Spiti is of great interest to students of Geology. Volume XXXVI of the Memoirs of the Geographical Survey tells the story of the great primeval sea, called the Tethys, which stretched over Spiti in the days when it lay on the northern shore of India. We are told there how this water was at first not connected with the Palaeozoic sea of Europe, but later spread westwards to that Continent; how the floor of the sea in Spiti rose and fell, the changes between shallow and deep water deposits being clearly traceable. Finally came the great upheaval, due to which the oldest deposits, which were at one time 20,000 ft below the bottom of the sea, were carried up till they appeared in places at higher altitudes than the most recent marine systems.


The mountaineer will find plenty to challenge him in Spiti. Peaks of every shape and size, up to a height of 23,000 ft are found in this area. Most are un-claimed and un-named. The Spiti mountains have two points to recommend them. The valley is beyond the reach of monsoons and has clear sunny weather all the year around. With the opening up of the valley, the base camp can be reached in a matter of days from Manali. Spiti is for those who cannot afford the big expensive expeditions of Nepal. It is for the individual mountaineer.

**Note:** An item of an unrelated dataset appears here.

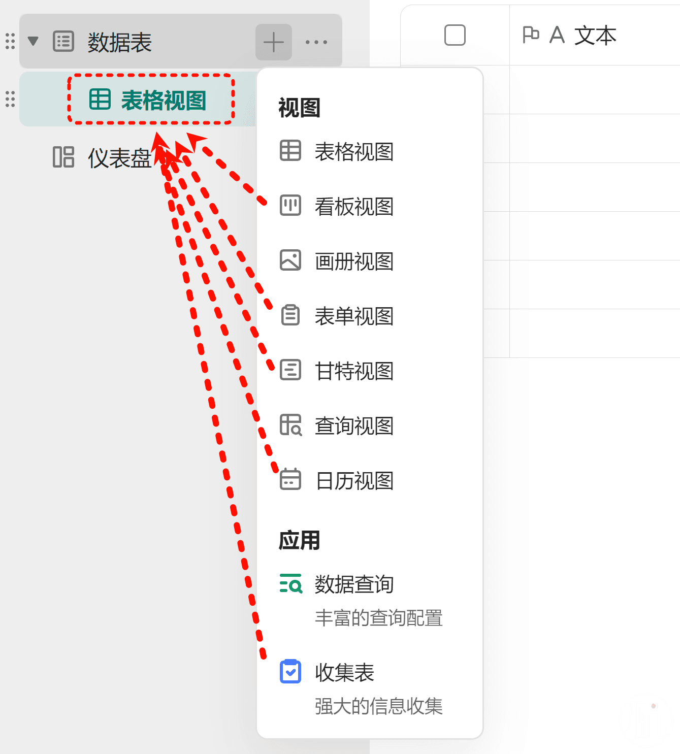 在多维表格左边,可以添加很多种视图。注意:这些视图都和那个主要的数据表格是关联想来的。
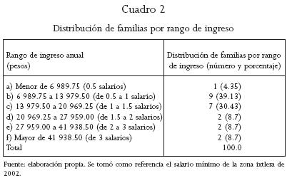 De acuerdo al cuadro 2, se puede observar que 74 por ciento de las familias (rango ac) se encuentra en pobreza absoluta y menos de 20 (rango ef) cuenta con ingresos medios. En cuanto a la participación de las actividades productivas en la estructura de los ingresos familiares, su fuente principal es la ganadería (69 por ciento), le siguen las actividades asalariadas (15); mientras que la agricultura representa (8), al igual que la explotación de las fibras duras naturales (ixtle), las cuales constituyen una fuente importante de ingresos en la región, incluso superior a la del comercio y la artesanía.

The Gompas of monasteries of Spiti are fascinating. There are five main ones besides a host of smaller ones. The Kye Gompa with over 200 ‘yellow hat’ monks, and its location on a commanding ridge is the most spectacular.



Fairies’ Handiwork


The Kye monastery has a rich store of books, statues and ‘thankas’, many of them salvaged from the old Rangrik monastery. Its ‘thankas’ are beautiful, many of them the product of the 16th century, the last great period of Tibetan art. The monastery also has a superb collection of heavy silk costumes and dancing masks.

According to local traditions, the oldest and the most sacred Gompa is at Tabo, lower down the valley. It is reputed to have been built by fairies. Some of the murals in this Gompa are beautifully executed and some figures have a remarkable resemblance to the Ajanta frescoes.


Today Spiti is undergoing a rapid change. Hospitals and schools have been built, ‘kuhls’ constructed for irrigation; and roads to connect this valley with the rest of the State. Boys and girls are given scholarships to study in Dharamsala and Chandigarh. The Government is determined to make up for the legacy of indifference to the fate of the Spitians.


There is plenty for the geologist, the mountaineer and the art historian but what of the common tourist with no particular bent of mind for any of these pursuits? For him there are the mountains with their yellow, ochre, chocolate, brown and myriad of other tents changing with every play of the sun; the fluted banks, columns and arches along the Spiti river like the remains of some unknown Pompeii; the Gompas with their treasures of arts, their dances, and their weird music floating down the valley of an evening; and of course the cheerful, friendly and simple men and women of Spiti who live in this fascinating but bitter land – a land where in spite of men’s best efforts Nature reigns supreme.